Published online Dec 7, 2017. doi: 10.3748/wjg.v23.i45.8035
Peer-review started: June 1, 2017
First decision: June 22, 2017
Revised: August 15, 2017
Accepted: September 5, 2017
Article in press: September 5, 2017
Published online: December 7, 2017
Processing time: 186 Days and 22.1 Hours
To introduce a two-step method for creating a gastric tube during laparoscopic-thoracoscopic Ivor-Lewis esophagectomy and assess its clinical application.
One hundred and twenty-two patients with middle or lower esophageal cancer who underwent laparoscopic-thoracoscopic Ivor-Lewis esophagectomy at Liaoning Cancer Hospital and Institute from March 2014 to March 2016 were included in this study, and divided into two groups based on the procedure used for creating a gastric tube. One group used a two-step method for creating a gastric tube, and the other group used the conventional method. The two groups were compared regarding the operating time, surgical complications, and number of stapler cartridges used.
The mean operating time was significantly shorter in the two-step method group than in the conventional method group [238 (179-293) min vs 272 (189-347) min, P < 0.01]. No postoperative death occurred in either group. There was no significant difference in the rate of complications [14 (21.9%) vs 13 (22.4%), P = 0.55] or mean number of stapler cartridges used [5 (4-6) vs 5.2 (5-6), P = 0.007] between the two groups.

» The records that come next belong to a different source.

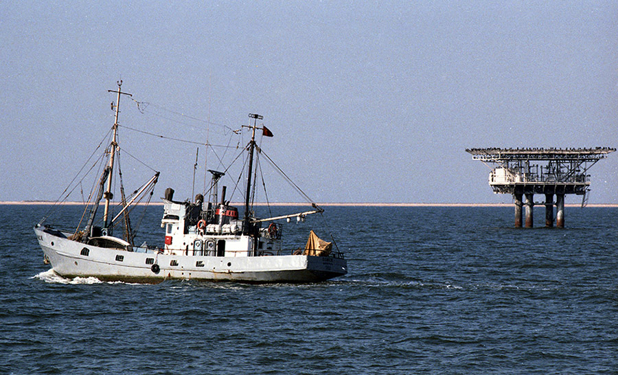 На світлині: Те, що потрібно, - на дні. Риболовецький сейнер на тлі газової морської платформи, яка видобуває газ на дні Азовського моря.
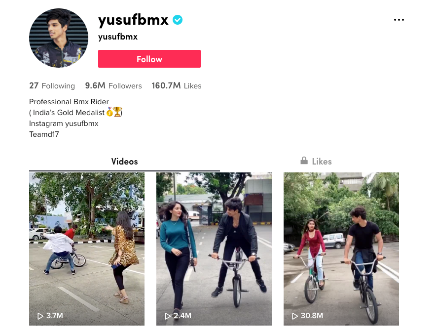 2.运动人们对各种运动都感兴趣,所以如果您有一个基于运动的帐户,请让人们很容易找到您并查看您的视频。BMX 自行车骑手@yusufbmx拥有经过优化的 简介。他分享自己的知名度——包括成为印度金牌得主——使用表情符号,并有一个指向他的 Instagram 的链接,人们可以在那里看到更多内容。
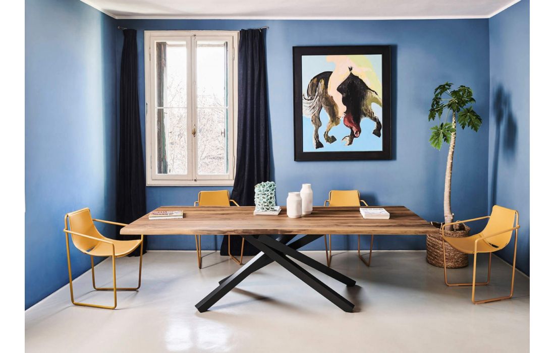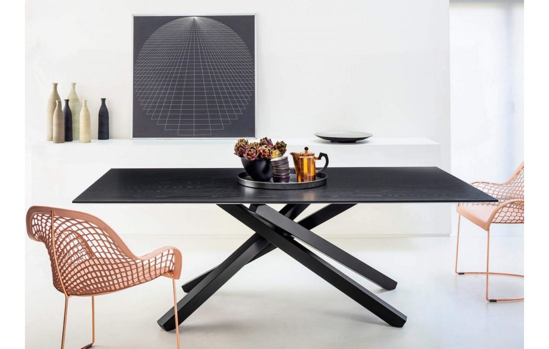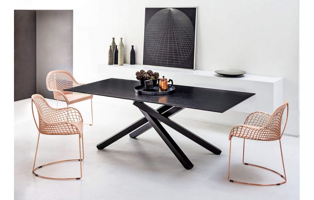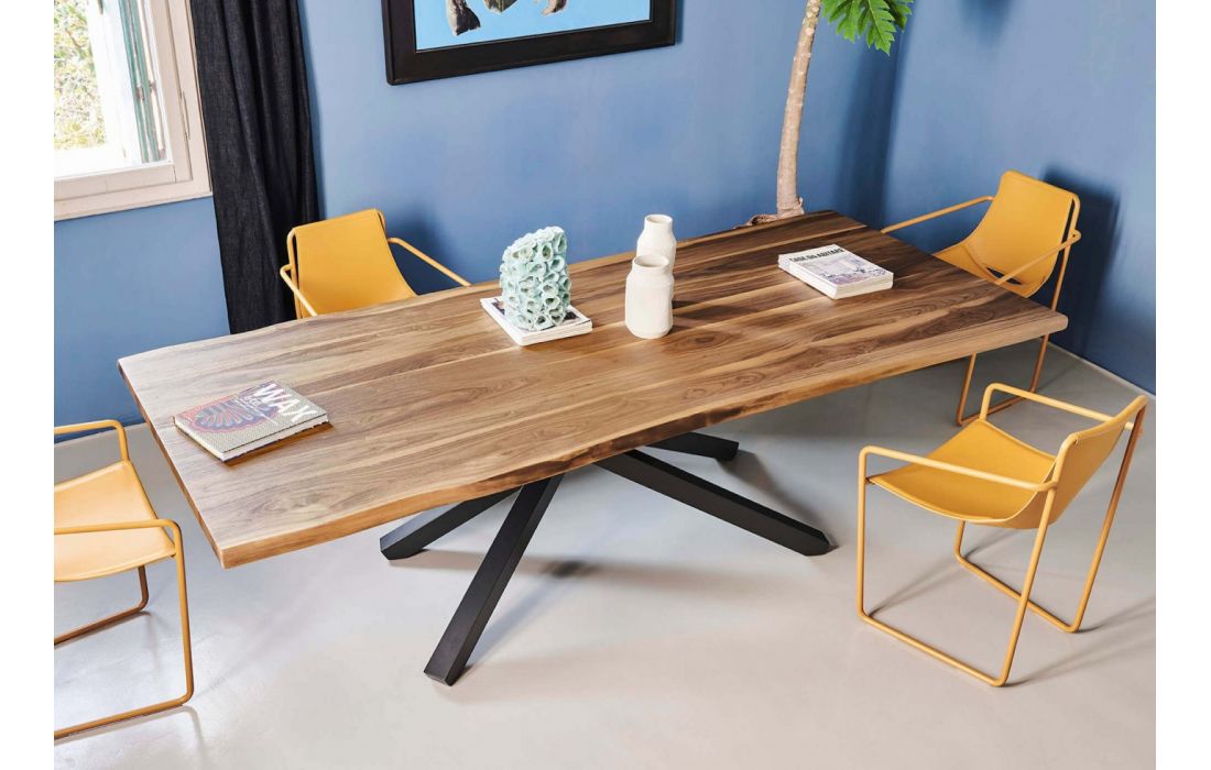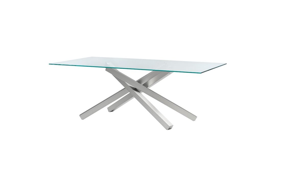 Dining table with metal base and top in glass, solid wood or veneered wood
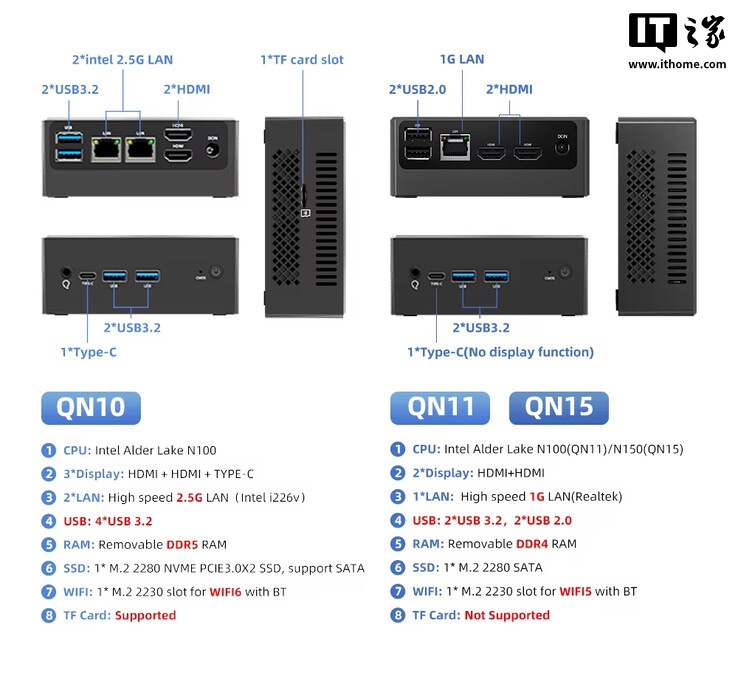 该迷你主机相比 QN10(支持 Wi-Fi 6)在连接性方面有所降级,只支持 Wi-Fi 5;同时该机的 USB-C 接口不支持视频输出,只能通过内置的两个 HDMI 接口进行视频输出。
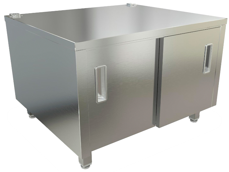 Подставка Техно-ТТ СПИ-834/807 предназначен для установки на нее индукционных плит ИПП-410134, ИПК-410114, грилей ИПГ-240184, ИПГ-240164 и нейтральных модулей МН-90/800 и МН-91/800, а также для хранения кухонного инвентаря на предприятиях общественного питания и торговли. Модель оснащена дверями-купе, 1 сплошной полкой и регулируемыми по высоте ножками, что позволяет компенсировать неровности пола. Сварной каркас и полка выполнены из нержавеющей стали AISI 430.

The two-step method for creating a gastric tube during laparoscopic-thoracoscopic Ivor-Lewis esophagectomy has the advantages of simple operation, minimal damage to the tubular stomach, and reduced use of stapler cartridges.
Core tip: The two-step method accomplishes totally laparoscopic-thoracoscopic Ivor-Lewis esophagectomy, by avoiding an additional abdominal incision and conducting operations via the operating port to simplify the complicated operation steps, thus greatly reducing the difficulty in creating the gastric tube after anastomosis, and shortening the operating time.